Building a Future in the Law

Cassera says his experience in Making an Exoneree has profoundly shaped the trajectory of his future career. He plans to continue to support Kinsel’s case in whatever way he can until he is freed.

“I remember when I first got into Making an Exoneree. I was really excited, and I texted my family group chat,” Cassera said. “My dad gave me a call later that day and was like, ‘I’ve got a feeling you’re going to take this class, and you’re going to know at the end of it that this is what you want to do for the rest of your life.’”

His dad was right.

A large group of people including Cassera stands on stage with a projector screen behind them.
The Making an Exoneree class culminates with a showcase that features all the short documentaries students have been working on for the entire semester.

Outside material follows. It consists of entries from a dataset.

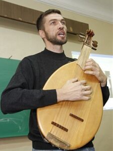Историк и кобзарь Алекса Губский прочитал лекцию об истории украинского кобзарства и исполнил казацкие песни на инструменте, который по кобзарской традиции изготовил сам.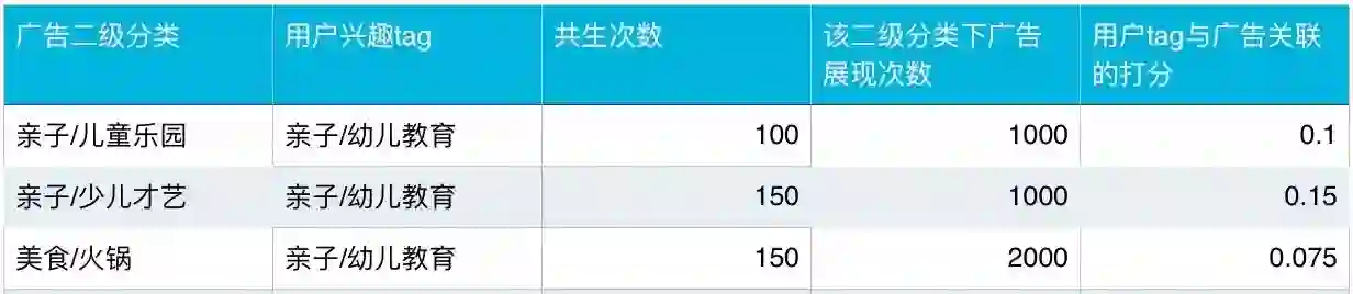 “美食/火锅”更为大众化,因此访问量远大于“亲子/儿童乐园”,上列访问量虽为虚构,但与实际认知相符。上列表格想要说明的是,像“美食/火锅”这样的广告分类,可能与很多用户标签的共生次数都很高,但由于它本身是大众化的分类,因此分母取值也很大,则实际关联打分就会很小(除非是强相关兴趣)。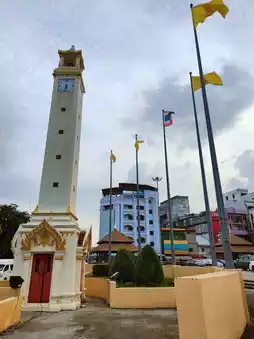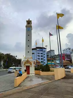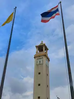 The clock tower in Hat Yai, Thailand, stands tall along the Heart of Hat Yai Road. It's an imposing structure adorned with numerous flags around its perimeter.

Cassera plans to use his degree to help others while pursuing a legal career. This fall, he will begin work as a paralegal at a multinational legal firm in Washington, DC.

Cassera plans to enroll in law school in a few years with the hopes of becoming a civil rights lawyer. Owing to his time with PJI, he also hopes to one day provide pro bono legal services for wrongfully imprisoned individuals.

For Cassera, walking across the stage at commencement this year will carry an extra special significance for the first-generation college student and his family, who has been behind him every step of the way as his undergraduate career helped him make sense of his own history.

“Everything I’ve done to this point is trying to help my family in some way, and Georgetown has given me the ability to do that,” Cassera said. “The person I was and the life I lived before Georgetown, and the person I am now and the life I have ahead of me, it’s two completely different trajectories, and the university is the reason that’s the case.”